From the line containing "Тут двух мнений" to the line containing "บ้านพักพาโนรามิก, 3 ห้องนอน, วิวทะเล, ริมทะเล" in the entries below, reproduce every line exactly, ends included. Nothing else belongs in the copy, and no pictures.

RECORD SET
Segment Open

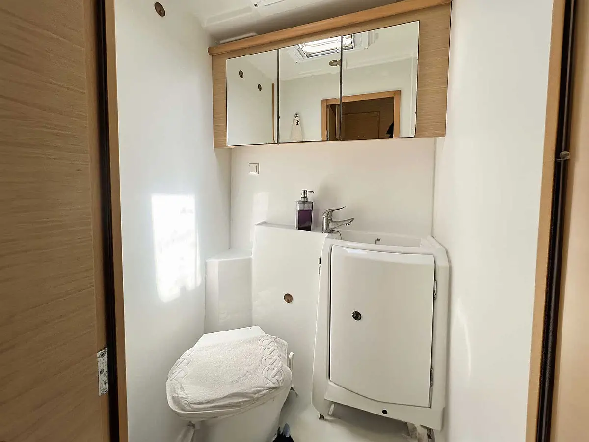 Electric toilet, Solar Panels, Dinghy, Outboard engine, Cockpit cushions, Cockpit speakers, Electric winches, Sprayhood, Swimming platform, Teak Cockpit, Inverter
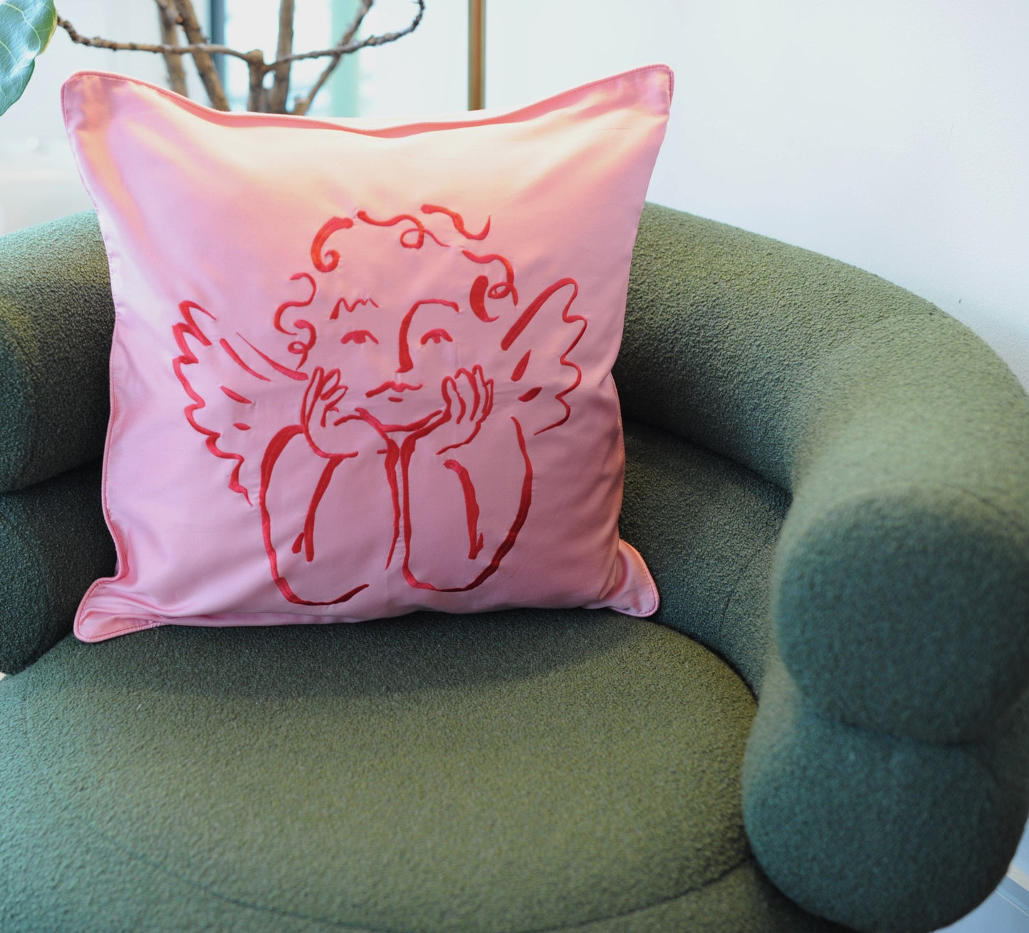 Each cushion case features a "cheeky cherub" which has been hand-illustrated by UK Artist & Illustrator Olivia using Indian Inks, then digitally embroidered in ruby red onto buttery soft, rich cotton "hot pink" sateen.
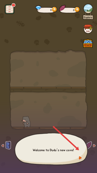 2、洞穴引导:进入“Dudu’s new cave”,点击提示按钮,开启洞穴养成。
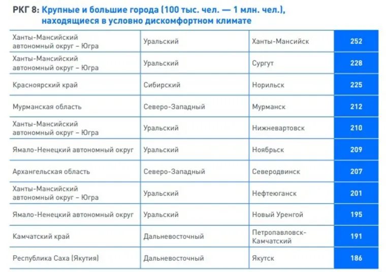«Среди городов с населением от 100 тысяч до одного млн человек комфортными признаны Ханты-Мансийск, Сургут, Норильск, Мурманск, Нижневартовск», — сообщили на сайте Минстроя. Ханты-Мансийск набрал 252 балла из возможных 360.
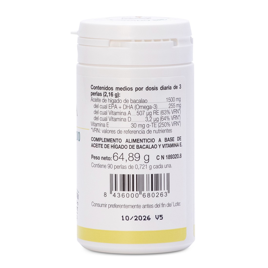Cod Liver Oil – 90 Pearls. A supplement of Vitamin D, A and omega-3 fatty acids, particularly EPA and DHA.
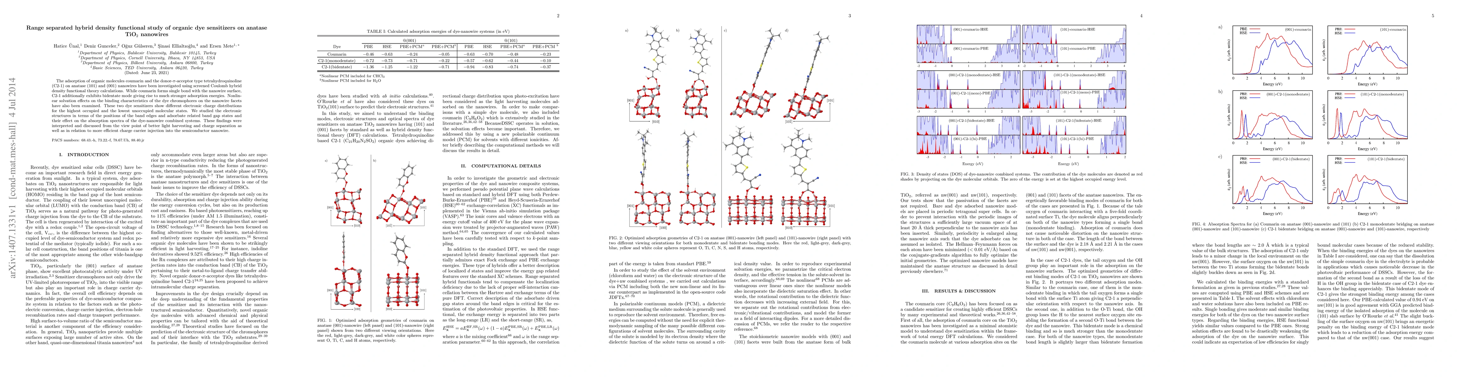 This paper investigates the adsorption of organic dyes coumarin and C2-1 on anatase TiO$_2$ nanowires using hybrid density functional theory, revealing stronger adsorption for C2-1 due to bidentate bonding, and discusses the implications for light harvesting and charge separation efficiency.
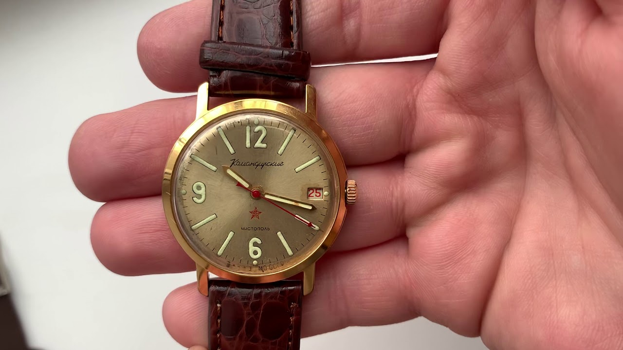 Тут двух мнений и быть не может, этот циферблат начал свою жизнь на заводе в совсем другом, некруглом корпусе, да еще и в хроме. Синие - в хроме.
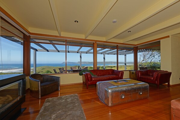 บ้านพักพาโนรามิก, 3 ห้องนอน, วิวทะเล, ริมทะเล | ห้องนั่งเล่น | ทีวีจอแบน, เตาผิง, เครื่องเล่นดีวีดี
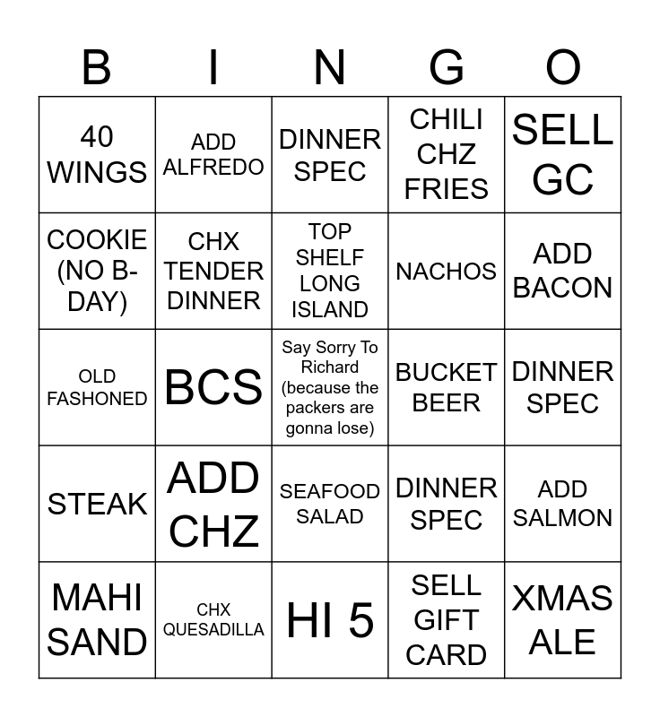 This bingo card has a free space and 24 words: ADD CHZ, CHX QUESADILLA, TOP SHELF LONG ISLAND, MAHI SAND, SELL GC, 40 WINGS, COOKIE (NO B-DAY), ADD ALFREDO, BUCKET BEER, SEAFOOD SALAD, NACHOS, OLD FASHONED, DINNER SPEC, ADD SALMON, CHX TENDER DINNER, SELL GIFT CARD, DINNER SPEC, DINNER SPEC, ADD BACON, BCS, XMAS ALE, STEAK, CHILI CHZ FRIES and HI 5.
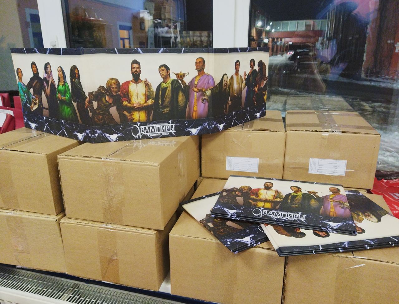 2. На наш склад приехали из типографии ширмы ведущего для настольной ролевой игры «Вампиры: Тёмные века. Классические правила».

Segment Closed
Segment Open

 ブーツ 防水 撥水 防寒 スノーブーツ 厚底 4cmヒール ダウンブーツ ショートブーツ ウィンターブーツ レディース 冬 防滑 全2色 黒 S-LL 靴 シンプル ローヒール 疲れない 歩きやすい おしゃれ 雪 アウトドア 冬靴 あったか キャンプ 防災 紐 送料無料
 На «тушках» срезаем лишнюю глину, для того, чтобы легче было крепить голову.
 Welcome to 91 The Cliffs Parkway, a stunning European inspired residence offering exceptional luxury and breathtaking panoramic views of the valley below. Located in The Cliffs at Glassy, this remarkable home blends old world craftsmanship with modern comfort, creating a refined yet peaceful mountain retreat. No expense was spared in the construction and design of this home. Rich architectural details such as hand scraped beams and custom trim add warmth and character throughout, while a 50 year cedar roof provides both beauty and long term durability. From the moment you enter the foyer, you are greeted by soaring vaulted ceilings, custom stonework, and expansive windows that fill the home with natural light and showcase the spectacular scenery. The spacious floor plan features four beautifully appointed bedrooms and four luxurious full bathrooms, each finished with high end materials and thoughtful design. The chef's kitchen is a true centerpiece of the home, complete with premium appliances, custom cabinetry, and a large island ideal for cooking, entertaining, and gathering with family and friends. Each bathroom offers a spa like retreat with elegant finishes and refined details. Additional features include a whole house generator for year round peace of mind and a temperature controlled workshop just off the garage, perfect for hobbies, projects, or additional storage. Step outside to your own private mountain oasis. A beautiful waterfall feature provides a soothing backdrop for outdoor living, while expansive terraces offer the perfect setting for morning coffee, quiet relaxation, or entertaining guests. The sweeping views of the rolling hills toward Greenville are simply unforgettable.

Segment Closed
Segment Open

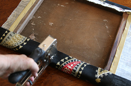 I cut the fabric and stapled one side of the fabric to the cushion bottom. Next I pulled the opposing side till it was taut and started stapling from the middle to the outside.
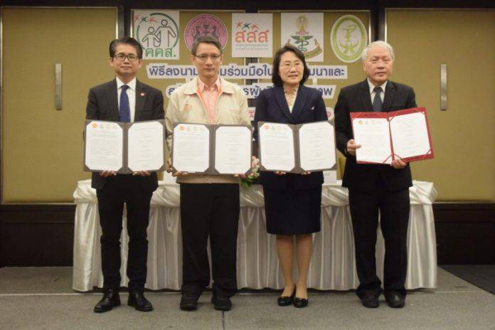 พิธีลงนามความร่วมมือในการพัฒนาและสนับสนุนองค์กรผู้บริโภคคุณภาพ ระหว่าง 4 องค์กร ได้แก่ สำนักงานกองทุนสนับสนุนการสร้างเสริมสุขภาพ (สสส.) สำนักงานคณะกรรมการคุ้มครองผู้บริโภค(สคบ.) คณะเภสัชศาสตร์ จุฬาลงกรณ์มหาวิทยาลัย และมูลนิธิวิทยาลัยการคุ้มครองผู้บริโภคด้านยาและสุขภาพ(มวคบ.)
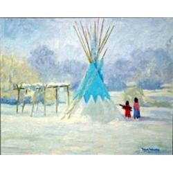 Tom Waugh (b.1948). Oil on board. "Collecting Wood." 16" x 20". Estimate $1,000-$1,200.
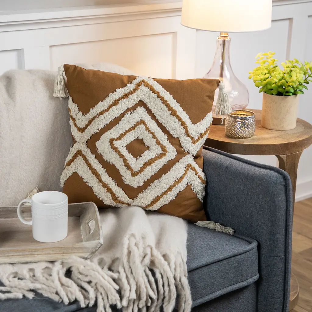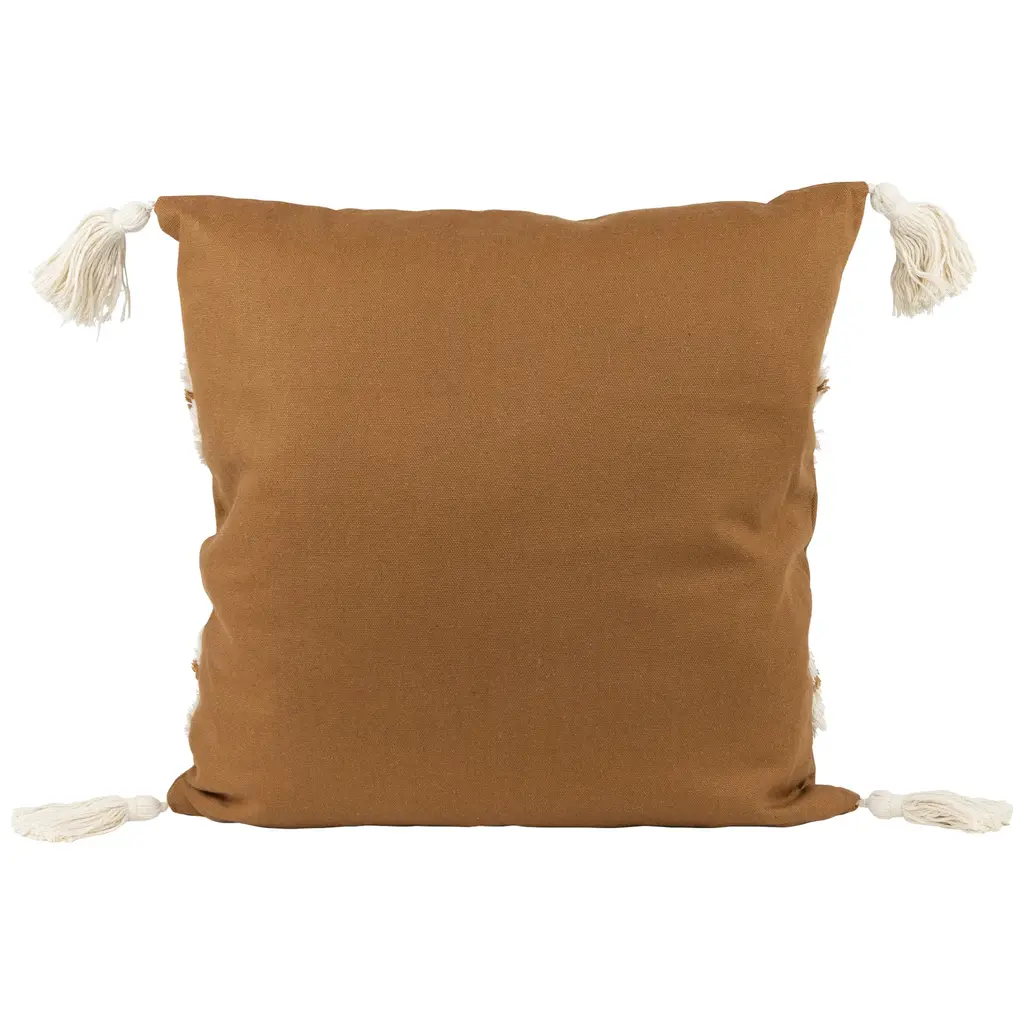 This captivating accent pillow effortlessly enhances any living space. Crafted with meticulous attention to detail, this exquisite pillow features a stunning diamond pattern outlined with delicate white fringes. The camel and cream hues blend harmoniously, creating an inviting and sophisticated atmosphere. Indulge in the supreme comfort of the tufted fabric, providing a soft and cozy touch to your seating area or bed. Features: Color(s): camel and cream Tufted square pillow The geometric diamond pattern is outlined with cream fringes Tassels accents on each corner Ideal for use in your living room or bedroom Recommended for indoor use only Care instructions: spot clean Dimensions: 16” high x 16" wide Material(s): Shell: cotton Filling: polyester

Segment Closed

RESPONSE AREA
 Тут двух мнений и быть не может, этот циферблат начал свою жизнь на заводе в совсем другом, некруглом корпусе, да еще и в хроме. Синие - в хроме.
 บ้านพักพาโนรามิก, 3 ห้องนอน, วิวทะเล, ริมทะเล | ห้องนั่งเล่น | ทีวีจอแบน, เตาผิง, เครื่องเล่นดีวีดี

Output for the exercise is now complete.